Data shown ->

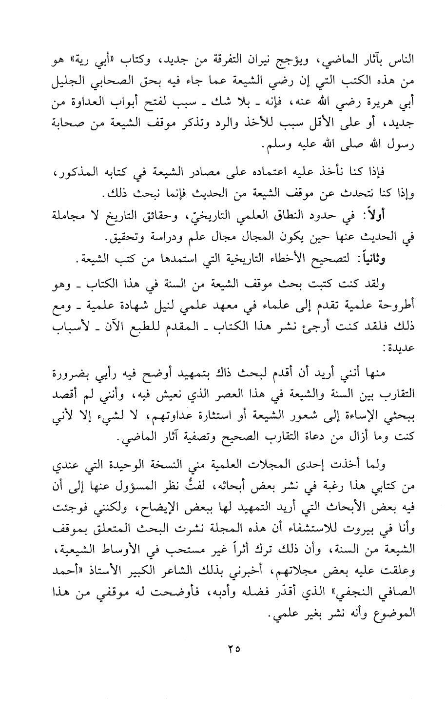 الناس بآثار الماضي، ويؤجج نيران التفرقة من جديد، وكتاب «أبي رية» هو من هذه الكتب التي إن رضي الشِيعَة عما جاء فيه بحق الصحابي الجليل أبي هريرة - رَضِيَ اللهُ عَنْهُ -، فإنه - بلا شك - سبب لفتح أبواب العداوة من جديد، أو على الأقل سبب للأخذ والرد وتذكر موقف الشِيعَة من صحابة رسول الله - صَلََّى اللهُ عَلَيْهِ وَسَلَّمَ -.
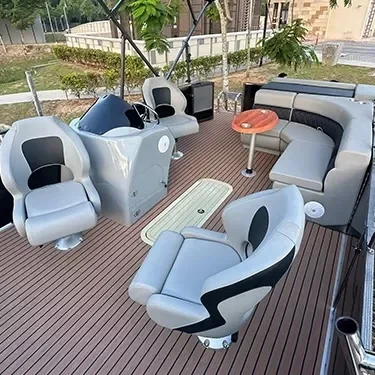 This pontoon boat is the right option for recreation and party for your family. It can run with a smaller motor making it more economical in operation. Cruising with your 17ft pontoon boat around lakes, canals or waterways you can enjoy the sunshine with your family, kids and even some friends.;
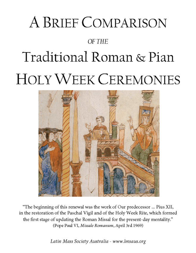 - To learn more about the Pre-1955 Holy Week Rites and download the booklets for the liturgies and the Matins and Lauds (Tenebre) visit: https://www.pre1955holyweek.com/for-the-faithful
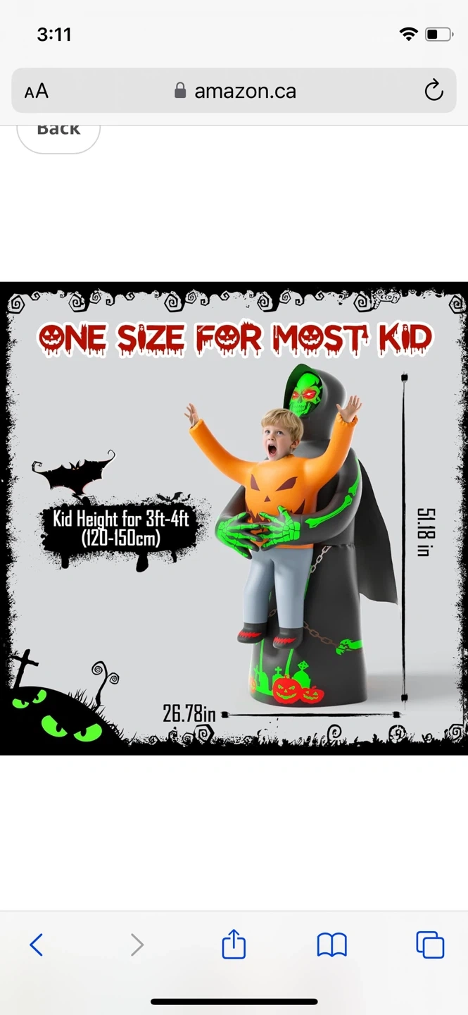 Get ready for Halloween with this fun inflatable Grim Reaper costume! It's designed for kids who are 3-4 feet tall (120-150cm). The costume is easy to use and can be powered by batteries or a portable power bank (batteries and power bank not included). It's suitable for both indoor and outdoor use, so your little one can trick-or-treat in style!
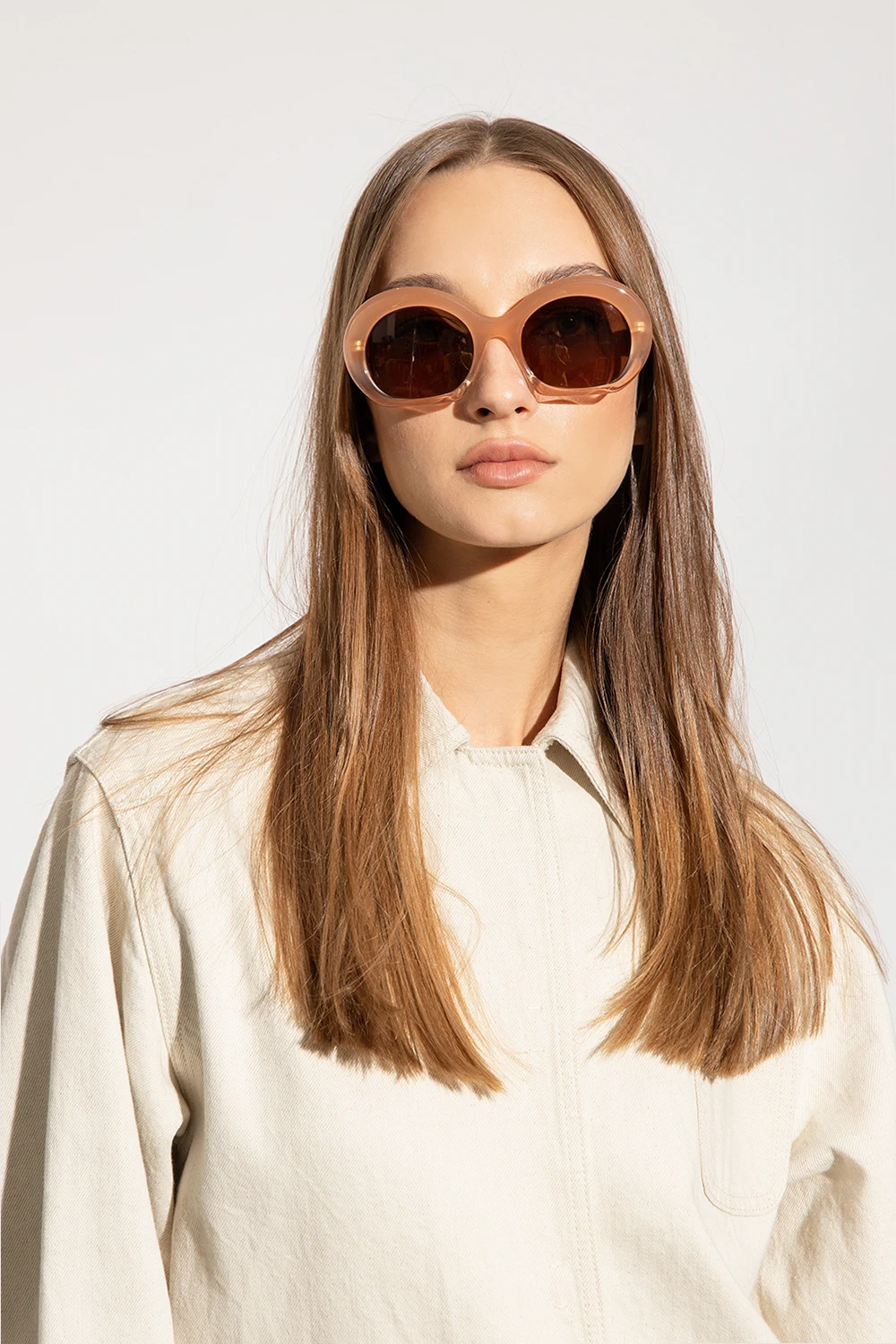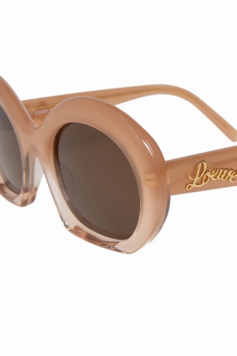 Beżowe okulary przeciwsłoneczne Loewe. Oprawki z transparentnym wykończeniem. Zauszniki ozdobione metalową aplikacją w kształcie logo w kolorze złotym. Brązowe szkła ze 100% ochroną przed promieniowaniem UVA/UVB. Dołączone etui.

* * *

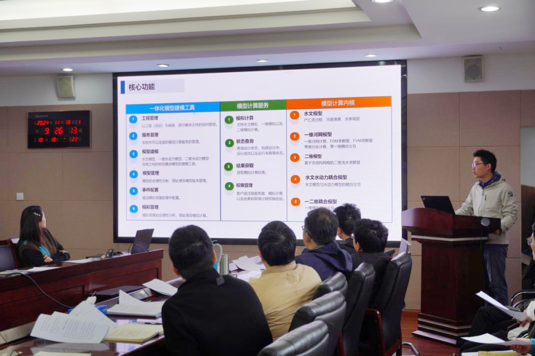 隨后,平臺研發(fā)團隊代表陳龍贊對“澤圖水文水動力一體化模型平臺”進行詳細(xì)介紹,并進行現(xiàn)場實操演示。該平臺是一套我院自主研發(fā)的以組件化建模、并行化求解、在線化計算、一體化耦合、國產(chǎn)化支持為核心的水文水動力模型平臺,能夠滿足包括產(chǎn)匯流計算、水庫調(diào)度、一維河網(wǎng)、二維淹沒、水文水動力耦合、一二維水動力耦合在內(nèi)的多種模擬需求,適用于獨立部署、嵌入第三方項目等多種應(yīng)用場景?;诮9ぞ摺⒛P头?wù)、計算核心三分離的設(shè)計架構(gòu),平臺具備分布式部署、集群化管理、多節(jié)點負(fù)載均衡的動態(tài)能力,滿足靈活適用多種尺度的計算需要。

--

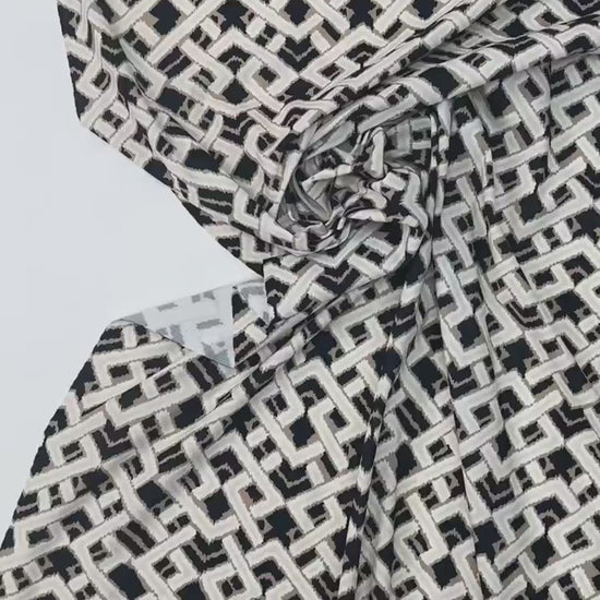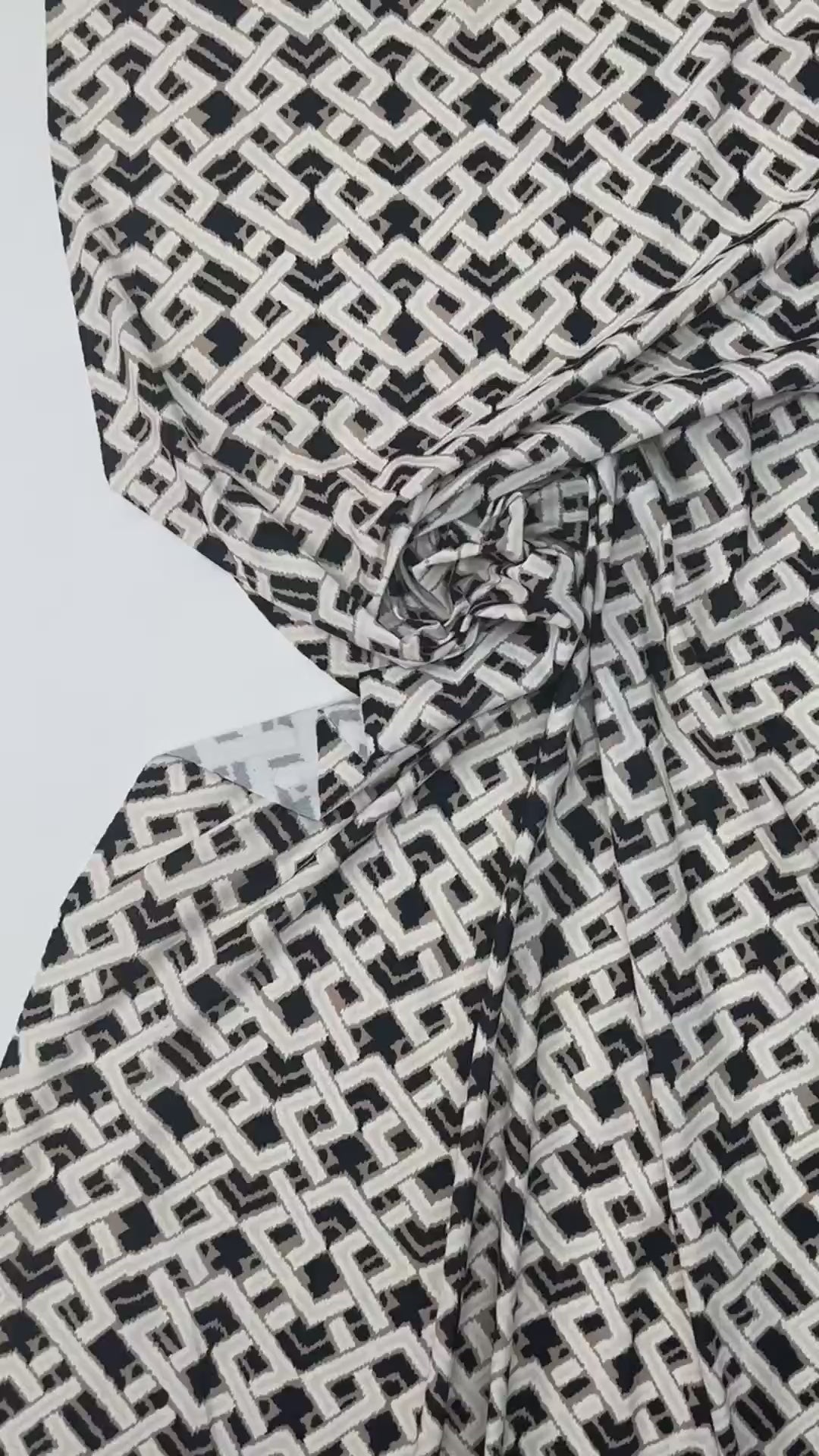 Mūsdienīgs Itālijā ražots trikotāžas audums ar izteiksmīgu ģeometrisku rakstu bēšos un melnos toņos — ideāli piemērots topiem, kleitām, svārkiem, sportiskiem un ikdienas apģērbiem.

Required action ->
Copy exactly, without pictures, the lines above from the one with "- To learn more" down to the one with "Beżowe okulary przeciwsłoneczne", inclusive.

Answer for this exercise ->
 - To learn more about the Pre-1955 Holy Week Rites and download the booklets for the liturgies and the Matins and Lauds (Tenebre) visit: https://www.pre1955holyweek.com/for-the-faithful
 Get ready for Halloween with this fun inflatable Grim Reaper costume! It's designed for kids who are 3-4 feet tall (120-150cm). The costume is easy to use and can be powered by batteries or a portable power bank (batteries and power bank not included). It's suitable for both indoor and outdoor use, so your little one can trick-or-treat in style!
 Beżowe okulary przeciwsłoneczne Loewe. Oprawki z transparentnym wykończeniem. Zauszniki ozdobione metalową aplikacją w kształcie logo w kolorze złotym. Brązowe szkła ze 100% ochroną przed promieniowaniem UVA/UVB. Dołączone etui.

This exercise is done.